SONAR, apping the stigma

Students at Fort St. James Secondary School (FSJSS) have invented an innovative way to address stigma on mental health.

Students at Fort St. James Secondary School (FSJSS) have invented an innovative way to address stigma on mental health.

The Social Networking App for Resilience, or SONAR, is an interactive website and app meant to engage young people to learn more about depression, anxiety, substance abuse or any other mental health problems. The idea came into fruition last year after an UNBC practicum student visited FSJSS and organized a group to study mental health. Thus the SONAR team was born.

“We want to change the views Fort St. James youth have on mental health,” Raylene Erickson, 17, said, lead SONAR member.

In Canada approximately one in four youth experience mental health. In Fort St. James, more than half the youth who completed a recent SONAR survey met the criteria of having significant mental health problems. Over the past year, ten youth collaborators from the community worked closely to determine the main issues affecting Fort St. James youth. They concluded the three top reasons are substance abuse, racism and bullying. They also found a lack of opportunity for peers and adults to connect in meaningful ways.

“The SONAR website is intended to facilitate youth engagement and participation in the community. With SONAR people can log on and find out what’s happening in the community, positive places to hang out and it even has a calendar of upcoming events,” Jhenipher Bridgeman said, SONAR teacher liaison and at-risk youth worker at FSJSS.
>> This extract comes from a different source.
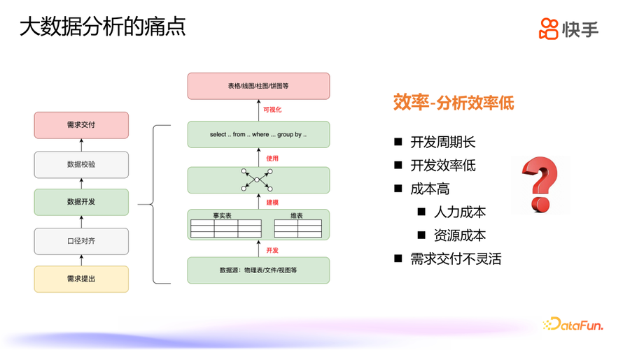 开发效率低:开发过程涉及大量的 ETL 处理,开发效率较低。

This past January, Erickson and Bridgeman attended the Balancing Our Minds Youth Summit in Vancouver after SONAR was nominated for the Every Day Champion of Wellness Award. Although the group did not win, the two ladies brought back with them many ways to engage the community further.

“At the summit we learned about laughter, yoga, mindfulness, Mind Check and, heard so many stories of how other youth have taken away the stigma in their communities,” Erickson said.

The SONAR group hopes to use MindCheck, an educational website on mental health, to get more people involved. The website hosts a curriculum that SONAR will use in classrooms, called Stop Wondering Start Knowing. It hosts three sessions – What is Mental Health, Talk and Take Action and Recognizing Mental Health Challenges and Achieve Mental Awareness.

“Our goal is to essentially start with adults teaching the class but then eventually have students teach. It will be much more affective coming from peers,” Kaylee Walstrom, 16, SONAR member, said.

With help from grant writer Shauna Hesse, SONAR is hopeful to receive funding and together with the Theatre Northwest Music Makers and Nechako Valley Arts Council, put on a play with a mental health focus. It will be a theatre production for the community to see and will possibly travel to other schools, Bridgeman said.

“Moving forward we will also be doing an assembly to let everyone know about these resources and will be creating a mental health board in the school,” she said.